In [71]:
import src.thinkbayes as tb
import src.cookie2 as c
import src.monty as m
import src.m_and_m as mnm

## Probability Mass Function

Maps values to their associated probabilities

In [42]:
# this creates a virtual six-sided die
die_pmf = tb.Pmf()
for x in [1, 2, 3, 4, 5, 6]:
    die_pmf.Set(x, 1/6.0)
    
die_pmf.Print()

1 0.166666666667
2 0.166666666667
3 0.166666666667
4 0.166666666667
5 0.166666666667
6 0.166666666667


In [43]:
# create a word distribution
word_list = ["the", "cat", "sat", "on", "the", "mat"]
word_pmf = tb.Pmf()
for word in word_list:
    word_pmf.Incr(word, 1)

print("Words")
print word_pmf.Print()

# normalize to get total number of words
print("\nTotal number of words")
print word_pmf.Normalize()

# print probability of any given word in the distribution
print("\nProbability of word 'the'")
print word_pmf.Prob("the")

Words
cat 1
mat 1
on 1
sat 1
the 2
None

Total number of words
6

Probability of word 'the'
0.333333333333


## The Cookie Problem

- Bowl 1 contains 30 vanilla cookies, 10 chocolate cookies
- Bowl 2 contains 20 each
- You randomly choose a bowl to pick a cookie in that bowl (also at random).

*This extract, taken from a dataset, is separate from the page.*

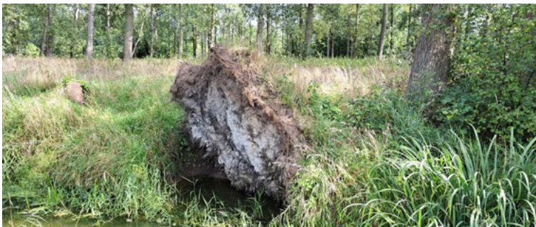
In de kluit van deze omgevallen populier groef een ijsvogel onlangs zijn nest

Een blauwe flits en een fluitende roep: zo kondigt een ijsvogel zich vaak aan. De soort is in Nederland beschermd en het aantal broedende exemplaren is erg wisselvallig. Dat heeft te maken met de invloed van strenge winters die onder ijsvogels veel slachtoffers maken.

The cookie is vanilla. What's the probability that you picked from Bowl 1?

In [72]:
cookie_pmf = tb.Pmf()
# initialize prior probabilities
cookie_pmf.Set("Bowl 1", 0.5)
cookie_pmf.Set("Bowl 2", 0.5)

# multiply the priors with the likelihoods
cookie_pmf.Mult("Bowl 1", 0.75)
cookie_pmf.Mult("Bowl 2", 0.5)

# renormalize
cookie_pmf.Normalize()

print cookie_pmf.Prob("Bowl 1")
print cookie_pmf.Prob("Bowl 2")

0.6
0.4


# The Bayesian Framework

## Cookie Problem (revisited)

In [77]:
hypos = ["Bowl 1", "Bowl 2"]
cookie_pmf = c.Cookie(hypos)
# a dataset of cookie draws from same bowl
dataset = ["vanilla", "chocolate", "vanilla"]
for d in dataset:
    print "Data: {}".format(d)
    cookie_pmf.Update(d)
    for hypo, prob in cookie_pmf.Items():
        print hypo, prob
    print ""

Data: vanilla
Bowl 2 0.4
Bowl 1 0.6

Data: chocolate
Bowl 2 0.571428571429
Bowl 1 0.428571428571

Data: vanilla
Bowl 2 0.470588235294
Bowl 1 0.529411764706



## Monty Hall Problem

In [57]:
hypos = "ABC"
monty_pmf = m.Monty(hypos)
data = "B"
monty_pmf.Update(data)
for hypo, prob in monty_pmf.Items():
    print hypo, prob

A 0.333333333333
C 0.666666666667
B 0.0


### Using the generalized Suite class

In [60]:
# all this class needs is a Likelihood function
# to be able to compute the posterior probabilities
class Monty(tb.Suite):
    
    def Likelihood(self, data, hypo):
        if hypo == data:
            return 0
        elif hypo == "A":
            return 0.5
        else:
            return 1

monty_suite = Monty("ABC")
monty_suite.Update("B")
monty_suite.Print()

A 0.333333333333
B 0.0
C 0.666666666667


## The M&M problem

In [69]:
# The M_and_M class implements the hypotheses
# s.t. hypothesis A: bag1 = mix94, bag2 = mix96
#      hypothesis B: bag1 = mix96, bag2 = mix94
m_and_m_suite = mnm.M_and_M("AB")
# pick a yellow m&m from bag1, and
# green one from bag2
m_and_m_suite.Update(("bag1", "yellow"))
m_and_m_suite.Update(("bag2", "green"))
m_and_m_suite.Print()

A 0.740740740741
B 0.259259259259


# Exercises

Example 2-1

Reimplement the cookie problem such that we sample from the bowls without replacement.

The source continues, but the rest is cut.